[Data provided — start]
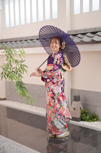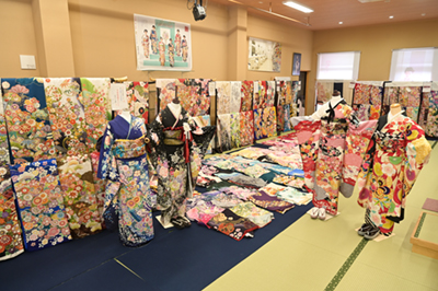 振袖や羽織袴などがずらりと並ぶこの着物館は、なんと100畳を超える広さ。成人式の衣裳や小物を合わせて常時2,000点以上展示しており、いつでもご覧いただけます。
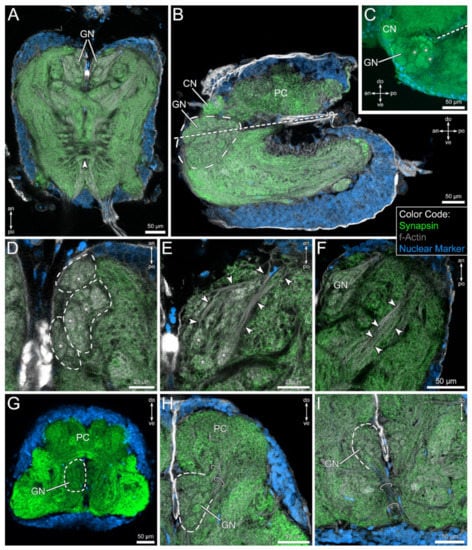 Position and morphology of glomerular structures in the pedipalpal neuropil, revealed by fluorescent labeling of synaptic regions (green), f-actin (gray), and cell bodies (blue). (A) In the most dorsal horizontal section (in relation of the subesophageal ganglion) of the synganglion, a conspicuous, drop-shaped neuropil (GN) consisting of glomerular subunits can be observed in antero-medial aspects of the pedipalpal neuromere. Note the commissure in posterior region (arrowhead). (B,C) In the sagittal view, the glomerular neuropil (GN) spans spherically around the esophagus, with a fraction lying dorsally, the other part lying ventrally with respect to the esophagus (dashed lines). Asterisks indicate glomeruli. (D) In the dorsal view, the arrangement of the glomeruli (asterisks) gives the impression of separated subcompartments (indicated by dashed lines). (E) The glomerular neuropil is penetrated by fibers (arrowheads) from the antero-lateral direction, innervating the glomeruli (asterisks). (F) Besides the glomerular neuropil, another distinct neuropil is found postero-laterally, having a stratified appearance of parallel fibers (arrowheads). (G–I) Frontal views on the glomerular neuropil (highlighted by dashed lines), showing a spheric to drop-shaped appearance. The glomerular neuropil is connected to dorsal, protocerebral regions by two distinct tracts (rings in (H)). Ventrally, fibers connect the glomerular neuropil to the ventral soma cortex (rings in (I)). Other abbreviations: an: anterior; CN: cheliceral neuropil; do: dorsal; PC: protocerebrum; po: posterior; ve: ventral.
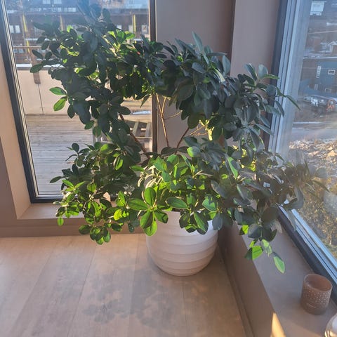 Fikus plante med grønne blader. Planten har flere grener med store, grønne blader. Passer som dekorativ innendørs plante. Er i plast og stråvasen /-kurven kan komme med
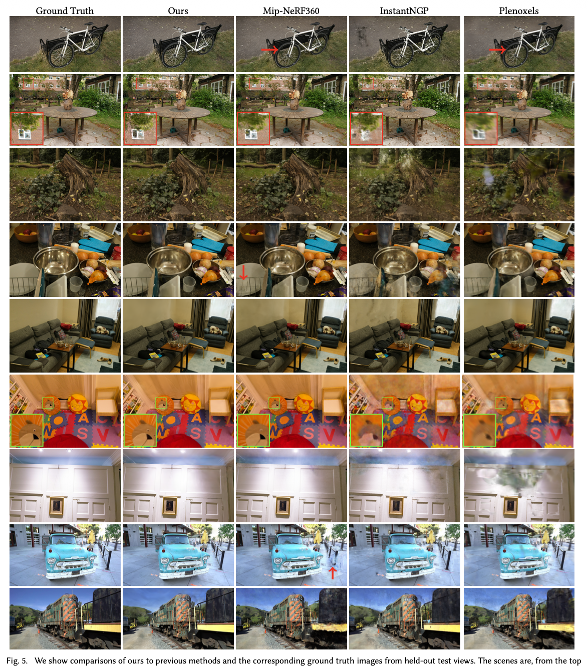 마지막으로 spherical harmonics의 사용 효과도 평가(No-SH와 Full 비교)하였다. SH를 사용하면 시점에 따라 변하는 반사 효과를 표현할 수 있어 전체 PSNR 성능이 향상되는 것을 확인하였다(Table 3).
[Data provided — finish]
### Directions
Each line of the data above needs to be retyped as it is, without any picture.

### Task answer
 振袖や羽織袴などがずらりと並ぶこの着物館は、なんと100畳を超える広さ。成人式の衣裳や小物を合わせて常時2,000点以上展示しており、いつでもご覧いただけます。
 Position and morphology of glomerular structures in the pedipalpal neuropil, revealed by fluorescent labeling of synaptic regions (green), f-actin (gray), and cell bodies (blue). (A) In the most dorsal horizontal section (in relation of the subesophageal ganglion) of the synganglion, a conspicuous, drop-shaped neuropil (GN) consisting of glomerular subunits can be observed in antero-medial aspects of the pedipalpal neuromere. Note the commissure in posterior region (arrowhead). (B,C) In the sagittal view, the glomerular neuropil (GN) spans spherically around the esophagus, with a fraction lying dorsally, the other part lying ventrally with respect to the esophagus (dashed lines). Asterisks indicate glomeruli. (D) In the dorsal view, the arrangement of the glomeruli (asterisks) gives the impression of separated subcompartments (indicated by dashed lines). (E) The glomerular neuropil is penetrated by fibers (arrowheads) from the antero-lateral direction, innervating the glomeruli (asterisks). (F) Besides the glomerular neuropil, another distinct neuropil is found postero-laterally, having a stratified appearance of parallel fibers (arrowheads). (G–I) Frontal views on the glomerular neuropil (highlighted by dashed lines), showing a spheric to drop-shaped appearance. The glomerular neuropil is connected to dorsal, protocerebral regions by two distinct tracts (rings in (H)). Ventrally, fibers connect the glomerular neuropil to the ventral soma cortex (rings in (I)). Other abbreviations: an: anterior; CN: cheliceral neuropil; do: dorsal; PC: protocerebrum; po: posterior; ve: ventral.
 Fikus plante med grønne blader. Planten har flere grener med store, grønne blader. Passer som dekorativ innendørs plante. Er i plast og stråvasen /-kurven kan komme med
 마지막으로 spherical harmonics의 사용 효과도 평가(No-SH와 Full 비교)하였다. SH를 사용하면 시점에 따라 변하는 반사 효과를 표현할 수 있어 전체 PSNR 성능이 향상되는 것을 확인하였다(Table 3).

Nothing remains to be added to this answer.